Le commissaire, les exempts, la garde, qu’un voisin est allé chercher, ne se font pas long-temps attendre. On s’empare des deux amants : Adèle, interrogée la première, ne se déconcerte pas, elle proteste que sa présence dans la chambre où elle a été surprise, n’est que l’effet d’un cas fortuit ; elle ne connaît pas l’homme avec qui on l’a trouvée, elle ne l’a seulement jamais vu de sa vie ; mais comme elle est fille publique, il l’a accostée dans la rue, et ils sont montés ensemble dans la maison, croyant que c’était une maison de plaisir : une porte était ouverte sur l’escalier, et ma foi l’occasion, l’herbe tendre… au surplus, elle est on ne peut plus étrangère à la formation des paquets, et si un vol a été commis, elle s’en lave les mains.

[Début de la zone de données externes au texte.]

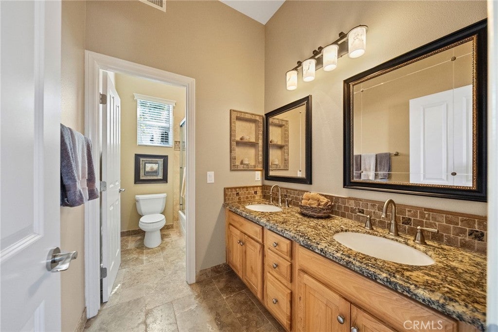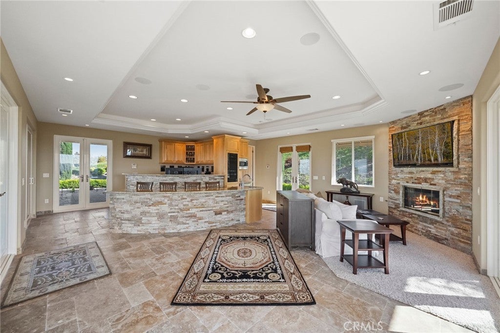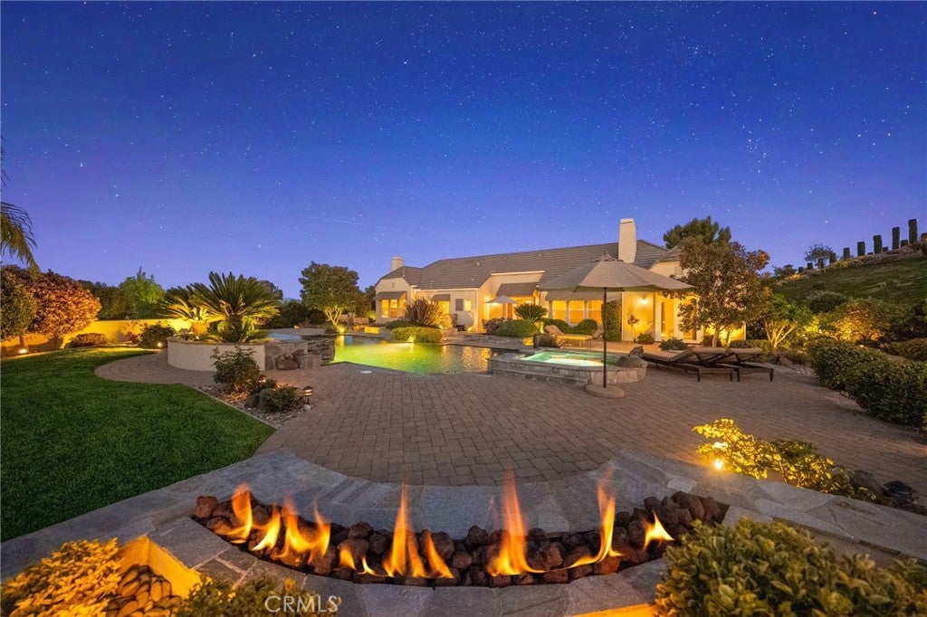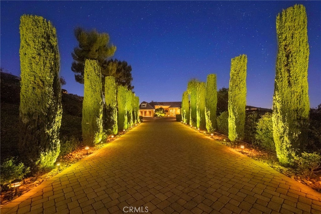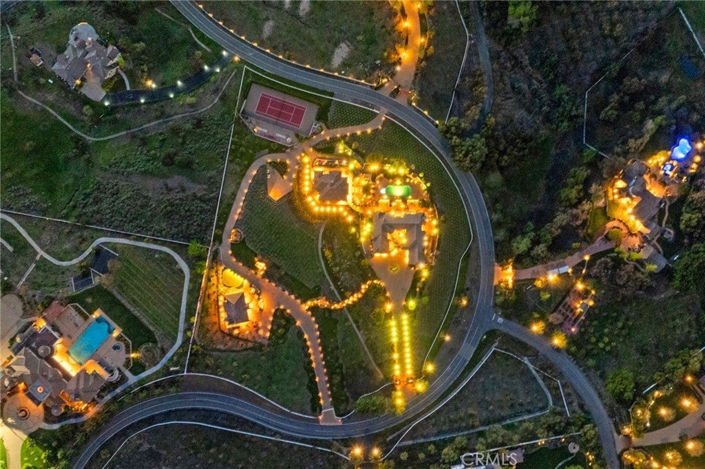 One-of-a-kind estate located just 5 minutes from the charm & culture of Old Town Temecula. Set behind 3 private gated entrances, this sprawling 4.19 acre compound features 3 separate single-story residences & an underground wine cellar all totaling approx. 6100 sq ft, masterfully positioned to capture breathtaking sunset views across rolling hills. The grounds truly set this estate apart; meticulously manicured landscapes framed by stately Italian cypress trees create an outdoor setting unlike any other. A dramatic stone stairway leads from the main home to the elevated studio residence. Entertain w/ ease and elegance w/resort style amenities; sparkling pool, two separate spas, water features, outdoor fireplaces, 2 putting greens, a sports court, & a post-tensioned tennis court w/ breathtaking views. Plus 2 built-in BBQ islands & pizza oven. Approx. 30,000 sq ft of stone pavers weave through the property. The main residence is approx. 3,275 sq ft w/ travertine flooring & architectural arches. It features 3 bedrooms, office, & 3.5 baths. The gourmet kitchen complete with granite countertops, 2 sinks, stainless steel appliances, built-in refrigerator, walk-in pantry, wine fridge, butler's pantry, & bar seating-all flowing seamlessly into the family room w/ views of the pool & gardens. The primary suite offers a private retreat w/ its own fireplace & French doors leading to the amazing pool & spa. The guest house offers approx. 1,600 sq ft of luxury living w/ 2 bdrms, 2 baths, a chef’s kitchen, & fully retractable glass doors opening to commanding views of the surrounding countryside. At the estate's highest point, the studio offers approx. 600 sq ft of open-concept living, complete with an elevated desk area, curved wine bar, a built-in spa, putting green, rooftop lounge, ATV-sized garage, & unmatched panoramic vistas. A 600 sq ft stand-alone reinforced concrete wine cellar is the perfect sanctuary for wine-making enthusiasts - complemented by approx. 1,000 wine grapevines and 21 table grapevines, as well as approx. 100 avocado trees, and various fruit trees. Additional features include upgraded mahogany garage doors, extensive landscape lighting, whole house & outdoor sound systems, multiple whole-house fans for year-round comfort, & a comprehensive security system. Perfect for a multigenerational compound, vineyard retreat, or entertainer's paradise, this Temecula estate redefines California luxury living with a setting that must be seen to be believed.

Le mensonge était assez bien imaginé ; mais Rigottier, avec qui Adèle n’avait pu se concerter, ne tint pas le même langage, et de cette différence dans les dires, résulta pour tous deux une condamnation a seize ans de fers. Rigottier partit avec la chaîne en 1802 ; dix ans plus tard je le rencontrai sur les quais : il s’était évadé, je l’arrêtai ; depuis il est mort au bagne.